A 65 y/o man with presents to your office with complaints of exertional chest pain for the past 4 weeks. The chest pain is usually left sided, occurs on walking about three blocks and goes away with rest. He has developed a habit of taking rest when the chest pain comes and he did not think it needed medical attention until his friend told him yesterday that it might be a symptom of heart disease. He is concerned and requests your recommendation. He denies any chest pain now. He also reports no change in quality or intensity of his chest pain. His past medical history is significant for pacemaker insertion for a symptomatic second degree heart block, Hypertension, and Smoking . His medications include lisinopril, atenolol and hydrochlorthiazide. Physical examination is benign. An EKG is obtained which reveals pacemaker rhythm with secondary ST-T changes. The next best step in establishing the diagnosis in this patient is :
A) 2 D -Echocadiogram
B) Exercise Stress Test ( Treadmill Stress Test)
C) Dobutamine Stress Echocardiogram
D) Persantin Stress Test
E) Cardiac Catheterization



Do we do the ekg first or excercise stress test .i am confused.





  #2

d?


  #3

it's > A) 2 D -Echocadiogram


  #4

This pt. has stable angina. EKG has been obtained in the question. Next best step will be Exercise stress test to see evidence of inducible ischemia with exertion; if any.


  #5

waiting for answer


  #6

Woww very nice medication in human health in use.!


  #7

I would go with stress test, and then cathether if stress is positve. Has echo ever been used on MI/angina? I know in peds echo trumps ecg for all heart issues. I would like to know does having a pacemaker changes things.



  #8

i think stress test will not be reliable becoz he is having pacemaker rhythm.
cardiac catheterization should be done.
not sure.


  #9

A) 2 D -Echocadiogram: The patient has been having symptoms of stable angina. 2-d echo will not help in evaluation for cause of chest pain
B) Exercise Stress Test ( Treadmill Stress Test): Patient has secondary SST changes which can interfere with results of stress test
C) Dobutamine Stress Echocardiogram; can be an option
D) Persantin Stress Test: to me its best option 
E) Cardiac Catheterization: 


  #10

dobutamine stress echo due to presence of baseline ekg abnormality!! or you can do nuclear stress test with technitium or sestamibi...


  #11

2D Echo...coz he s wearin a pacemaker...


  #12

Dobutamine Echo coz hes wearing a pacemaker


  #13

From the history you know that he has exertional angina AND that it is a reproducible event, not just a one time thing where the diagnosis is still up in the air. Therefore, 2-D echo would tell you exactly NOTHING about the extent of his atherosclerotic disease. What would be the purpose of a nuclear medicine stress test that would tell you what you already know (ischemic heart disease on exertion) but without sufficient detail about which vessels and how severe the narrowing is? The answers of dobutamine or persantine are essentially the same type of stress test, just using different drugs (the type of stress test you MUST use in a patient with a pacemaker). Remember that nuclear medicine stress tests are physiologic, not anatomic, so it is an unnecessary step because he will have to go to cardiac catheterization anyway (see below). Contrast this workup with a patient who MIGHT have angina; a negative stress test would essentially exclude exertional ischemia (but not Prinzmetal's, but his history is not consistent with that diagnosis) and he would not need to go to cardiac catheterization.

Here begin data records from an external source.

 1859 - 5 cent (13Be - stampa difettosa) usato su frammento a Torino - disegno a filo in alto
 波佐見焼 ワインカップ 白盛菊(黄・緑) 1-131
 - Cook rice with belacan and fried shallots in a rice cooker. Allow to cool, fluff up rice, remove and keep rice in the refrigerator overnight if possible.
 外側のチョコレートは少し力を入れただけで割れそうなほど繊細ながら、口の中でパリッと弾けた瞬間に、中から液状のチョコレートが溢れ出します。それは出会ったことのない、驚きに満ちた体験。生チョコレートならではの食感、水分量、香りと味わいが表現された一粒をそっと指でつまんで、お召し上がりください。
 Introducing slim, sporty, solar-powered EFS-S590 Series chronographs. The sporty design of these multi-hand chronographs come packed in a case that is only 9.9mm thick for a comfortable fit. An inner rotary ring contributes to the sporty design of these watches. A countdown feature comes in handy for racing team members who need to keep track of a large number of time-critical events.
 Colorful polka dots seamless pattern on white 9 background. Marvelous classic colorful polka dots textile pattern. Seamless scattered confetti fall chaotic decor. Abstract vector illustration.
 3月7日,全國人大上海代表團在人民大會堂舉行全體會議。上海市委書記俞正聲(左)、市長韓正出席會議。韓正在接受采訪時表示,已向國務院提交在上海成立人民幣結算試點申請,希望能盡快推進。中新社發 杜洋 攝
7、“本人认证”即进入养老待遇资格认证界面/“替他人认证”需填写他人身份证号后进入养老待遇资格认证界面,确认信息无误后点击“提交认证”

For these reasons, he needs to go straight to cardiac catheterization to find out where (which vessels) and how severe his atherosclerotic disease is. This will also be a necessary step before bypass surgery (stents are less desirable long term in a patient like this, but still a possibility depending on the cardiologist).

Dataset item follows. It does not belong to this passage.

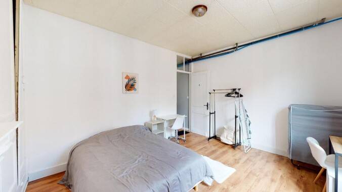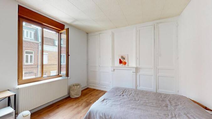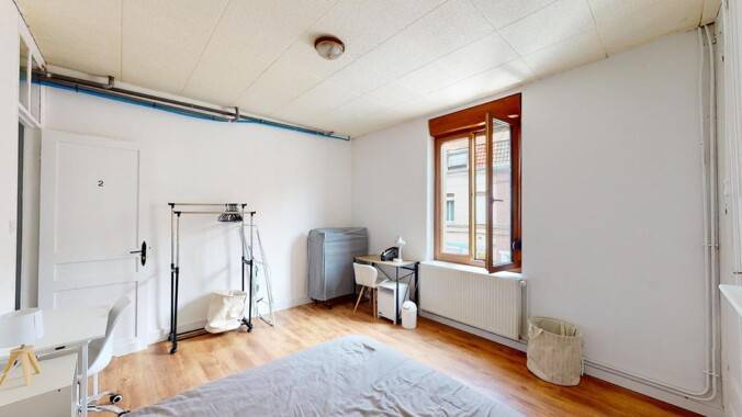Venez découvrir au 130 Rue De Denain dans la commune de Roubaix (59100) cette colocation de 4 chambres de 105 m². 🛌 LA CHAMBRE La chambre 4 dispose d’un lit double, d'un meuble dressing, d’une table de chevet accompagnée d’une lampe de chevet et d’un bureau accompagné d’une chaise. Cette chambre dispose d'un accès commun avec la chambre 3 à une salle de bain équipée d'un meuble vasque, d'une cabine de douche et d'un WC. 🏠 LES ESPACES COMMUNS Cette maison comporte trois niveaux, de deux salles de bain et quatre chambres. Au rez-de-chaussée se trouve la pièce de vie avec un espace salon et salle à manger (muni d’un canapé, d’une table basse, d’un meuble TV, d’une TV, d’une table, de chaises), une cuisine très bien équipée (Four, micro-ondes, plaques de cuisson, hotte, frigidaire, lave-vaisselle, etc.), et d’une salle de bain commune (équipée d’une douche, d’une machine à laver, et d’un double meuble vasque). Au 1ᵉʳ étage se trouve deux chambres et au 2ᵉ étage se trouve deux autres chambres, ainsi qu’une salle de bain accessible uniquement par ces chambres 3 et 4. Cette salle de bain est à l’usage exclusif des locataires des chambres 3, 4 et se munit d’un meuble vasque, d’un WC, d’un sèche-serviette, et d’une cabine de douche. Les chambres sont toutes équipées d’un lit double, d’un meuble dressing, d’une table de chevet accompagnée d’une lampe de chevet et d’un bureau accompagné d’une chaise. 🌳 LES EXTÉRIEURS Une cave est associée à cette maison. 🏙️ LE QUARTIER La localisation de ce bien est idéale, proche du centre-ville et du centre hospitalier et de la maternité de Roubaix. Vous serez situé à seulement 15 minutes à pied du centre-ville, et disposerez de nombreuses commodités à proximité, dont un magasin Lidl à 100 mètres. ⚡️ Inclus dans les charges : Entretien de la chaudière Internet Fibre Chauffage Eau chaude Gaz Electricité Taxe Ordures Ménagères Eau courante —————————————————————— Bail individuel à la chambre. Pas de caution solidaire. Chacun est libre de partir quand il veut sans se soucier des autres colocs, dès le moment où il respecte un mois de préavis. Eligible aux APL. REFERENCE DU BIEN : SP0282W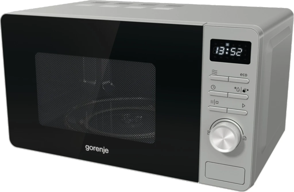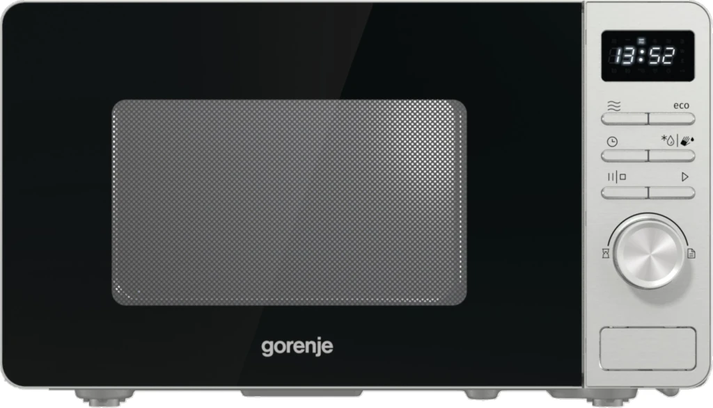 Gorenje MO20A3X. Seadme paigaldus: Tööpinna peal, Toote tüüp: Eraldiseisev mikrolaineahi, Sisemahutavus: 20 l, Mikrolainevõimsus: 800 W, Sisseehitatud ekraan, Kontrolli tüüp: Nööbid, Pöörlev, Toote värv: Roostevaba teras

Although not given as an option, doing the newer CT calcium scoring tests would also fail to tell you enough information; it is to establish a "risk profile" but is fundamentally flawed because most heart attacks (and much atherosclerosis) is caused by "vulnerable plaque," which by definition is not calcified, therefore is not detected by CT. MIR coronary angiography is also out because he has a pacemaker. Bottom line; cardiac catheterization is still the gold standard.


  #14

due to pacemaker, he has a baseline ekg abnormality, so anything related 2 ekg is out.
best option for these cases is a nuclear stress test (in which derez no role of ekg)... persantine thallium is best for dis condition.


  #15

So is Longoria dating again? And what's the new TV show she's working?


  #16

Dipyridamole (persantine) stress testnod


  #17

http://www.prep4usmle.com/forum/thread/113208/
answer !!!! sad Help


  #18

Hi everyone. im having dilemna with this case as well. I've been using different sources.
From Archer's: A stress test should be done first before Cardiac Cath

--for this case, having a paced rhythm would require the Persantin Stress test to avoid the false positive results.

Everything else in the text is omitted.